Tacos

Overview

You’ve started down a path to implement a change requested by your product team and you are quick to realize that your provider version and/or terraform version are too old to make the change. What seemed like a minor change turned into hours or days of yak-shaving. To help avoid these issues and security vulnerabilities, it’s best to keep your terraform code up to date.

Lesson

  • Why Should I Upgrade?
  • Where Do I Start?
  • Upgrading Terraform Modules
  • Upgrading your Terraform CLI Version
  • Upgrading Terraform Workspaces
  • Teamwork Makes The Dream Work

Why Should I Upgrade?

Upgrading Terraform isn’t always required, but upgrading helps with bugs you run into and you will be able to take advantage of the available community to help when problems come up. You also might need to upgrade your terraform because a feature is only available in a newer version of your provider. This happened between Terraform 0.11.X and 0.12.X for the AWS provider. Depending on public terraform modules might also force you to move to a newer version of terraform and/or will require you to fork the module and maintain it yourself. I’m more inclined to build modules in-house to help support the technology from an operational perspective and to have more control over upgrades.

Security is another reason to upgrade your Terraform. Vulnerabilities are found in every software tool. Terraform is no different.

Where do I Start?

First you will start with the official Terraform Upgrade Guides. This will help help you know about any gotchas. To date, the jump from 0.11.x to 0.12.x has been the biggest update because of the syntax changes between Hashicorp Configuration Language (HCL) versions 1 and 2.

Make sure that versioning is turned on wherever you store your Terraform statefiles. If something goes wrong, you can rollback to your previous statefile and code to start over. Your mileage may vary though, depending on resource deletions during your original testing.

Upgrading Terraform Modules

Terraform modules can be tricky to upgrade because of any existing deployments which rely on those modules. If you manage a lot of terraform modules or the terraform upgrade is competing with other business initiatives, I would recommend copying that module to a new folder in your terraform module repo and upgrading it to your desired version. This will allow the other modules to continue services the other deployments, especially in the case of an emergency. I would also recommend using semantic versioning to help people understand which version of the module they are referencing. Eg:

Terraform 0.11.x = 1.X.X
Terraform 0.13.x = 2.X.X
Terraform 0.15.x = 3.X.X 

The main point of versioning modules is to help your team with context about how modules are progressing. Remember that your goal is still to get all of your code onto a newer version. Getting buy-in from management is key to making progress on this initiative. Also be sure to pick versions to support. If you choose to upgrade to each terraform version sequentially, you’ll spend all of your time doing upgrades and no actual building.

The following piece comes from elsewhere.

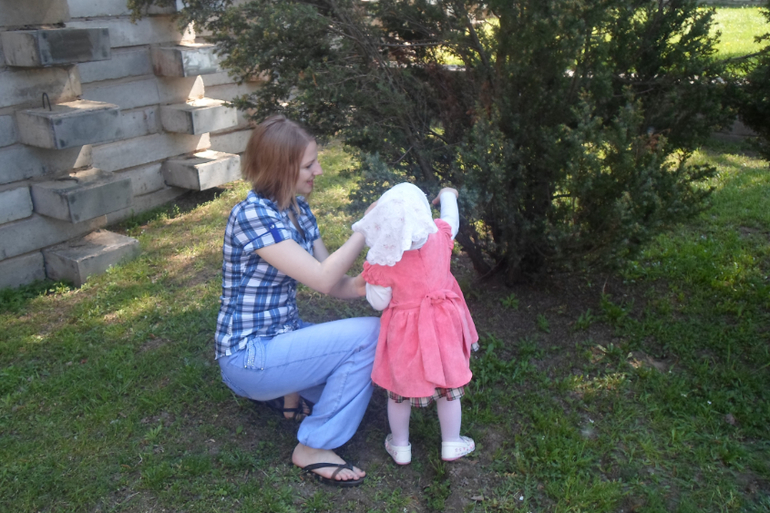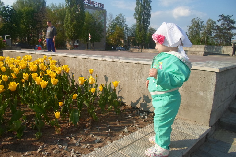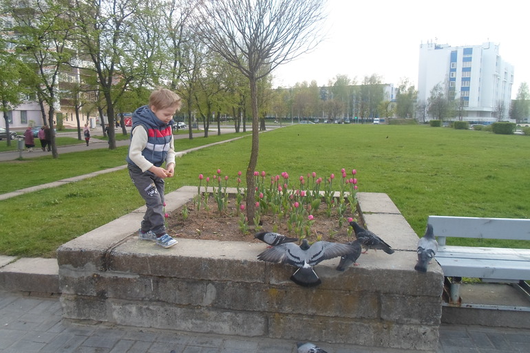 У нас сложилась маленькая традиция-на прогулке мы кормим голубей))

This is due to the rapid release cycle for Terraform.

Version Release Date
0.11.0 11-16-17
0.12.0 05-22-19
0.13.0 08-10-20
0.14.0 12-02-20
0.15.0 04-15-21
1.0.0 06-08-21

Upgrading your Terraform CLI Version

Before you upgrade your terraform workspace, you should upgrade the terraform CLI to the most recent release for your current version. For example, if you were upgrading from Terraform 0.11.X to 0.12.X, you should make sure you’re using the most recent Terraform 0.11.X version (0.11.15) A tool like tfswitch is great for helping you manage multiple Terraform versions on your local machine.

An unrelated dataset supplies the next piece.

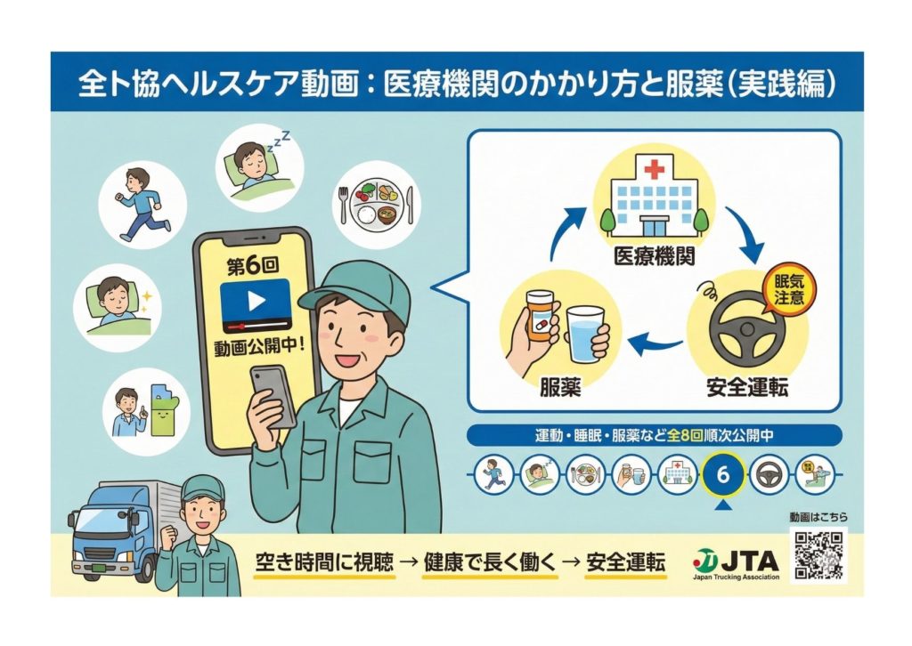 全日本トラック協会(全ト協)より、ドライバーの健康増進に向けた取り組みの一環として、令和7年度「ドライバーの押さえておきたいヘルスケアポイント動画」の第6回が公開されましたのでお知らせいたします。

Upgrading Terraform Workspaces

Your terraform workspace organization will dictate how you will tackle the upgrade. If you are crazy and deployed all of an environment’s resources in a single workspace, you will need to update everything at once. This is not a great organization approach, but it’s effective and risky. It would be better to split your workspaces into smaller, loosely coupled workspaces. If you mess up one aspect of your system, it’s a big deal, but it’s not the end of the world.

Use lower environments and test environments to see what happens when you upgrade to a newer version of terraform. Nothing builds confidence like upgrading through several lower environments prior to production (as long as you’re using the same terraform modules across environments.)

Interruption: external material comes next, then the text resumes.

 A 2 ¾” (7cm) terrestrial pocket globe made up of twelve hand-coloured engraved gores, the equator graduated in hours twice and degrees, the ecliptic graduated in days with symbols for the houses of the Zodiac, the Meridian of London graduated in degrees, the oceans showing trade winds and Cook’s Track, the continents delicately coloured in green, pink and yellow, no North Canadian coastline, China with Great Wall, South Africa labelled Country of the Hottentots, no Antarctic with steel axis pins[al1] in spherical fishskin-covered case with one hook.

In some cases, you may need to use terraform state rm to stop resources from being deleted and terraform import to remap existing resources from the previous version into your statefile.

Teamwork Makes The Dream Work

Coordinate with your team to divvy up the upgrade work. It’s too much work for one person and who will maintain it when you leave the company? As your team’s resident Terraform Trailblazer, you will be the first to run into upgrade issues (yay.) Create documentation to help your teammates get started, they need some reassurances that they aren’t gonna burn the house down.

In Review

This is not an exhaustive list of how to upgrade your terraform code because everyone will have different starting points. Some people may start on an older terraform version and no modules, some with modules and large workspaces, etc. Create a plan with tasks that can be divvied up, set milestones and push management to get this onto a regular maintenance schedule with priority.